At least a few people recommend that you always treat char* as UTF-8 on
Windows.

http://utf8everywhere.org

ruiu added a comment.Apr 11 2018, 9:30 PM

That website recommends we handle all strings as UTF-8 whether externally or internally, and if you need to handle strings encoded not in UTF-8, you convert them to UTF-8 first. I'd agree that principle.

But the thing I'm pointing out is different from that. If your Windows code page setting is ISO-8859-1, for example, I think the command line arguments are supposed to be encoded in ISO-8859-1. Passing a UTF-8 string as an argument is not valid if that's the case. Look at lld/test/ELF/format-binary-non-ascii.s. It contains raw UTF-8 string as a command line argument. That test doesn't make sense unless your code page is UTF-8.

ruiu added a comment.Apr 11 2018, 9:31 PM

What are you actually trying to fix with the patch? Did you just find that lld/test/ELF/format-binary-non-ascii.s didn't pass on your machine and trying to fix it?

If you look at the log for the test you will see we previously fixed it to work with Python 3. The test itself does not work on Windows for the reason your described.

Now look at D45551 which is the other part of these changes. You will see that we are reverting the change that we made previously to deal with the default code page on Windows. Eli pointed out it would be better to call GetArgumentVector and convert the command line to a UTF8 string.

Is your viewpoint that this test is bogus on Windows and should be marked XFAIL?

There are a couple of things going on here:

  1. The test itself is verifying that each of the tools can properly handle non-ASCII characters in the path.
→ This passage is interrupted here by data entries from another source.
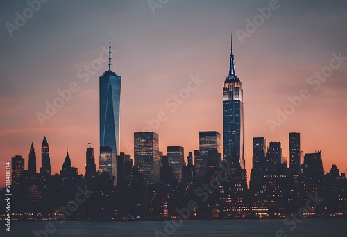 Obraz premium urban New York sunset City skyline Beautiful skyscrapers Panorama Aerial View...
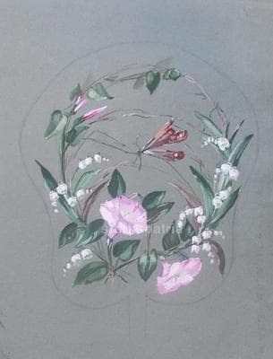 Botanica: Fiori, Dipinto Floreale Decorativo, Schizzo Per Ventaglio, 1900
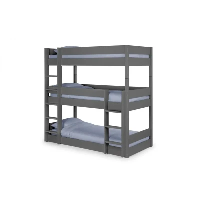 Trio Bunk - Anthracite by Julian Bowen. Accommodating 3 children whilst only using the space of one single bed, the Trio bunk bed is the perfect solution for those short on space in smaller bedrooms. Ideal for sleeping siblings, or regular sleepovers the durable Trio Bunk is finished in a stylish Surf anthracite, matching any bedroom decor. Crafted from solid pine and MDF, this safe and sturdy design is essential for maximising space. Accommodating 3 children whilst only using the space of a single bed. Stunning anthracite finish. Standard UK Single Mattress required. Simple self-assembly required. Crafted from Solid Pine and MDF. 12 month product guarantee. Product Details Dimensions: 197.6cm (H) x 98.8cm (W) x 201.4cm (D) Assembly: Full Assembly Required Material: Solid Pine & MDF Colour: Anthracite Bed Size: Single Recommended Age: 6++ years Slat Type: Solid Distance Between Slats: 6.5cm For a restful night’s sleep, team the Trio Bunk - Anthracite with one of our carefully selected mattresses. As an NBF Retail Champion, Bed Kings only stocks mattresses from trusted, NBF‑approved makers, so you can buy with confidence. You can also browse our range of kids beds, bunk beds & gaming beds.
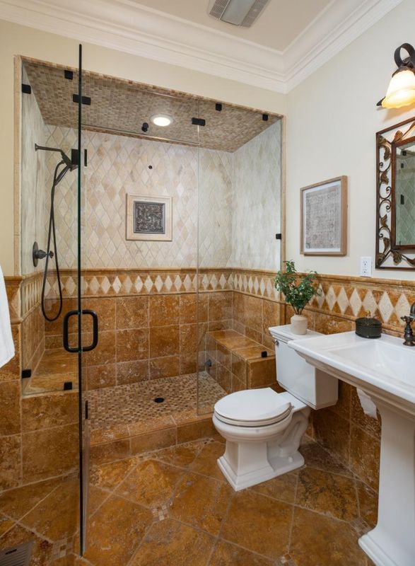- Bidet, Full on Ground Floor, Half on Ground Floor, Marble, Shower over Tub - 1, Skylight, Stall Shower - 2+, Steam Shower, Tub in Primary Bedroom, Tubs - 2+
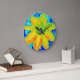 A beautiful bright colourful clematis flower of yellow, orange and green against a vibrant background of aqua and blue adorns this floral acrylic wall clock. This image is digitally manipulated original photography by JLW_PHOTOGRAPHY.
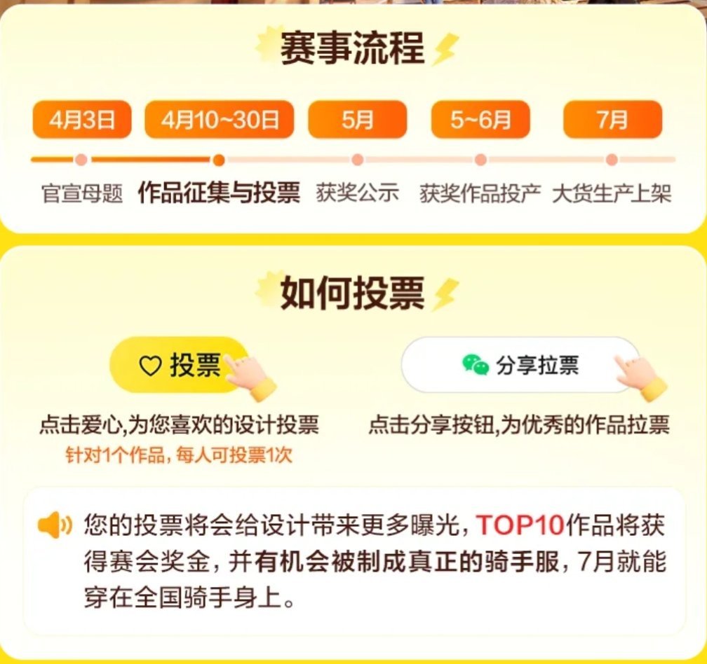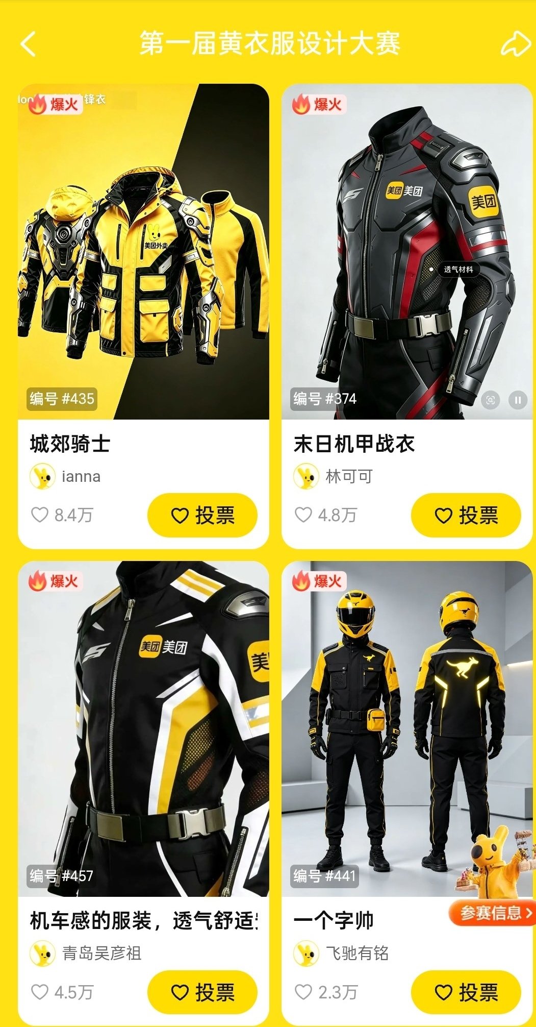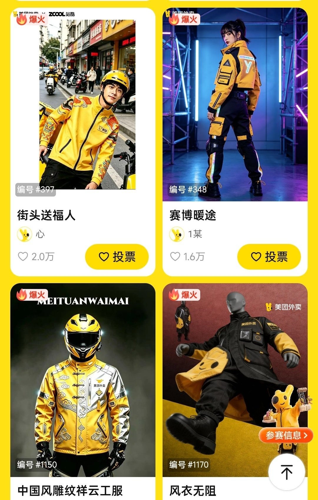 美团外卖正在举办的“第一届黄衣服设计大赛”,用120万元总奖金向公众征集兼具功能性与潮流感的骑手服设计方案,五月获奖公示,七月大批量上架。

This indicates that each of the tools *should* handle non-ASCII characters in their inputs correctly
  2. The test only passes on Windows with Python 2 because the lit code for Python 2 uses a byte array to pass the input thus breaking the one Unicode pound character into two characters. In Python 3, the pound character is passed correctly as a single character causing the test to fail on Windows. This is the same behavior as the command line in Windows - the tools fail to decode non-ASCII characters, so while we caught this in a test, this is a bug in the tools assuming they should handle non-ASCII characters correctly.

The reason the test fails on Windows without either the change that Aaron is undoing or the change to use GetArgumentVector is exactly because the inputs are not UTF-8 encoded, but rather encoded with the windows default code page. This means that we cannot treat the input as always UTF-8 encoded.
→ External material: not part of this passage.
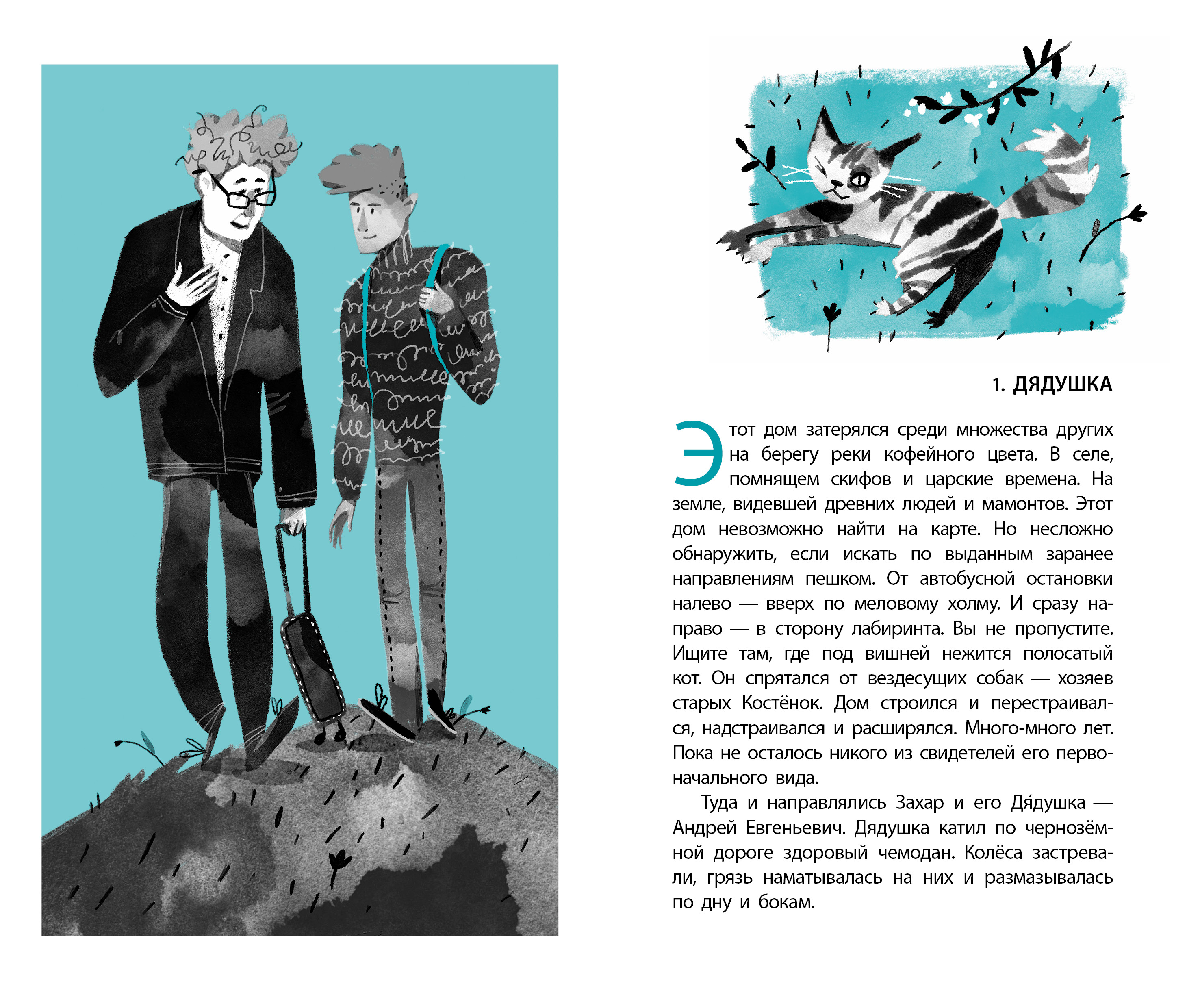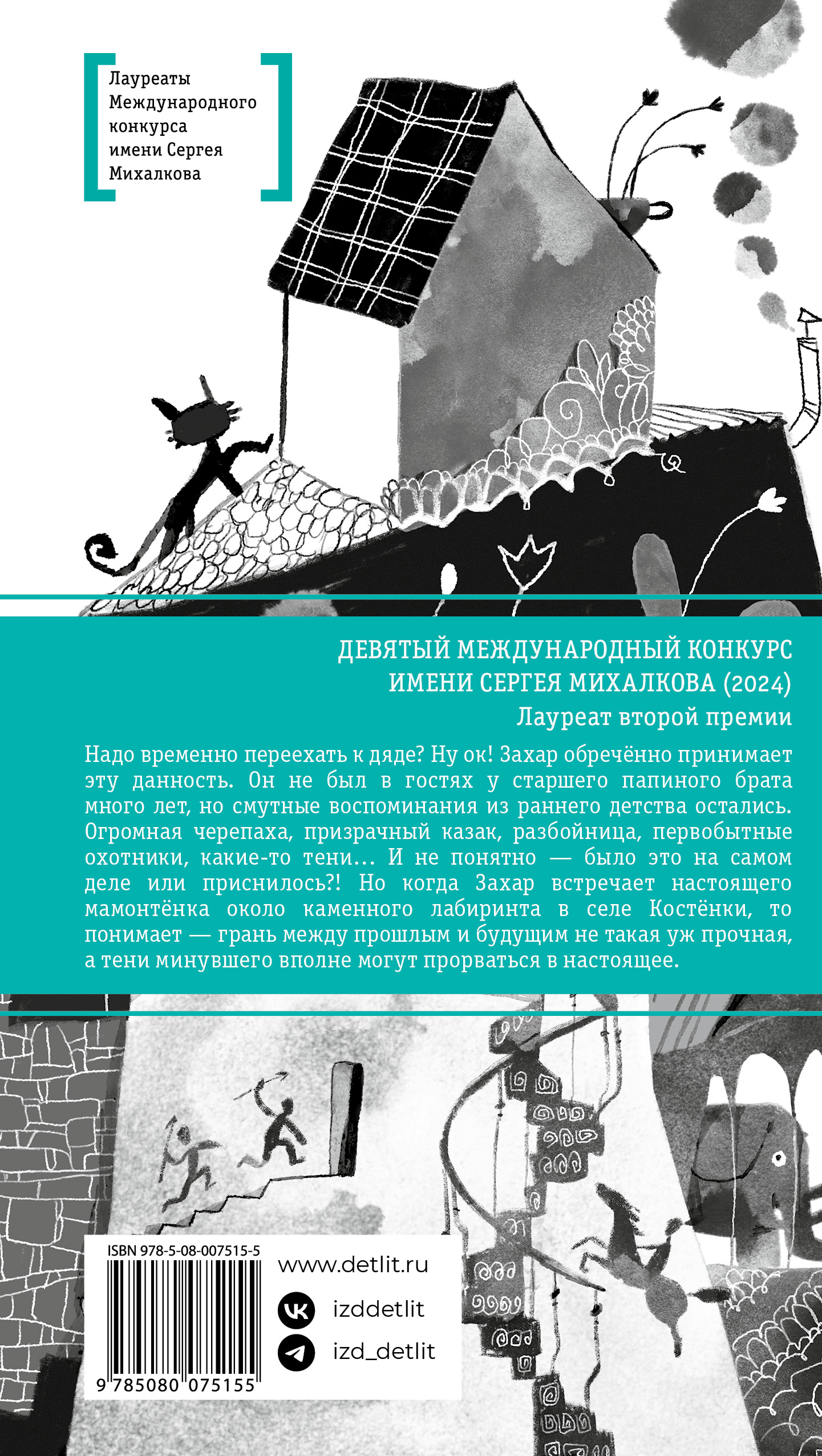 (12+) Захар временно, из-за здоровья, переехал к своему Дядушке, старшему брату папы, в село Костёнки. Но чем заняться в деревне? В городе у него была музыкальная группа, кружки, друзья, а здесь… Здесь странное, похожее на лего-домик жилище Дядушки, гигантская черепаха, свободно бродящая по всем комнатам, а ещё… Ещё в Костёнках есть знаменитый лабиринт времён неолита и тени, которые тот выбрасывает из прошлого в наше время. Захар встречает цыганский табор, белогвардейского офицера, опасную разбойницу Варвару, которая почему- то ненавидит всю его семью, первобытную женщину Наденьку и удивительное существо — мамонтёнка Добрыню, которого притянул из прошлого он сам, Захар! И всё бы хорошо, но лабиринт и музей, в котором работает Дядушка, хотят снести и построить на их месте коттеджный поселок! Можно ли противостоять инвесторам, когда тебя поддерживают только тени лабиринта и одноклассники? Для среднего и старшего школьного возраста.
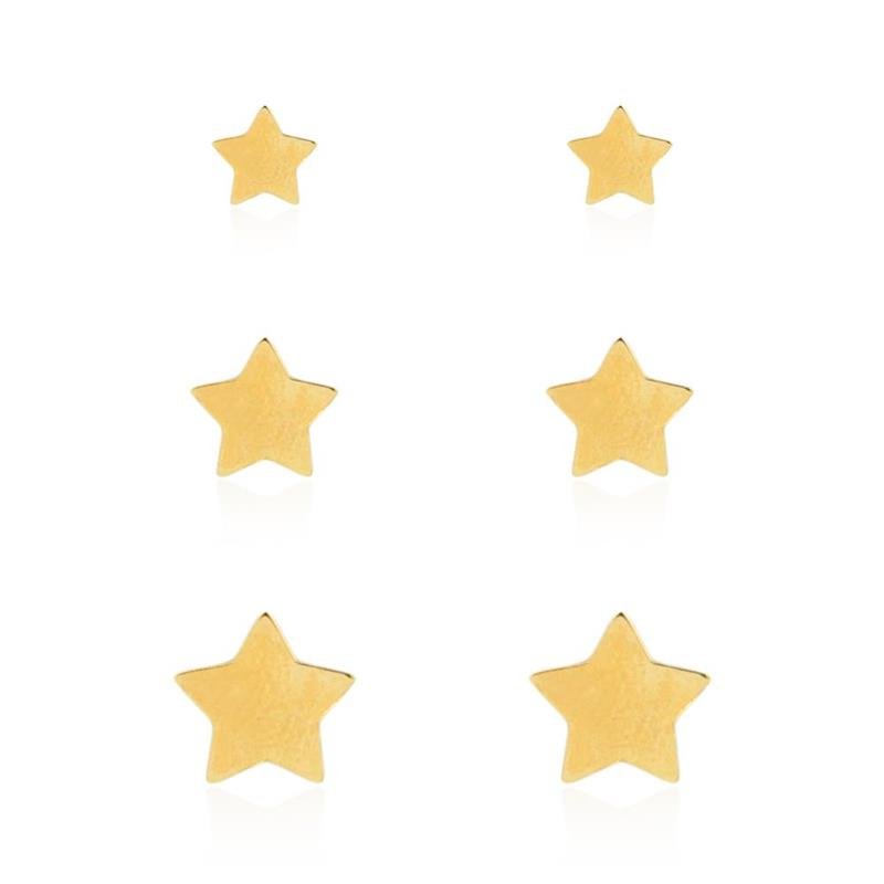 O trio folheado estrela lisa é um conjunto encantador e minimalista, apresentando três brincos com o icônico design de estrela em uma superfície lisa e reluzente.Esses brincos adicionam um toque sutil de elegância e estilo ao seu visual diário, sendo versáteis para combinar com diferentes looks e ocasiões.

The original fix that we submitted was to modify the Windows Path.inc to try to decode the input as UTF-8 first (which is the Unix default encoding) and then try the windows default code page. This impacts the way any tool that uses Path.inc on Windows behaves and made *all* of the tools (llvm-mc, ld.lld, llvm-objdump, etc.) handle non-ASCII characters correctly whether they were encoded as UTF-8 or with the windows default code page. The drawback of this, as Eli pointed out, is that now the tools are *guessing* what the right encoding is. This happens to work a lot more frequently than assuming UTF-8 but it is not entirely correct.

The fix the Eli suggested was to use GetArgumentVector. On Windows, this uses a combination of GetCommandLineW and CommandLineToArgW to return the arguments are proper UTF-8. Now we are no longer guessing what the encoding is and the tools again handle non-ASCII characters correctly. The drawback here is that every tool needs to be updated to use GetArgumentVector in order to properly handle non-ASCII characters on Windows. In this case, to get this one test to work, we have to touch three tools - ld.lld, llvm-mc and llvm-objdump. I briefly looked through the other tools and there's at least another half dozen that will need the same change to work correctly on Windows.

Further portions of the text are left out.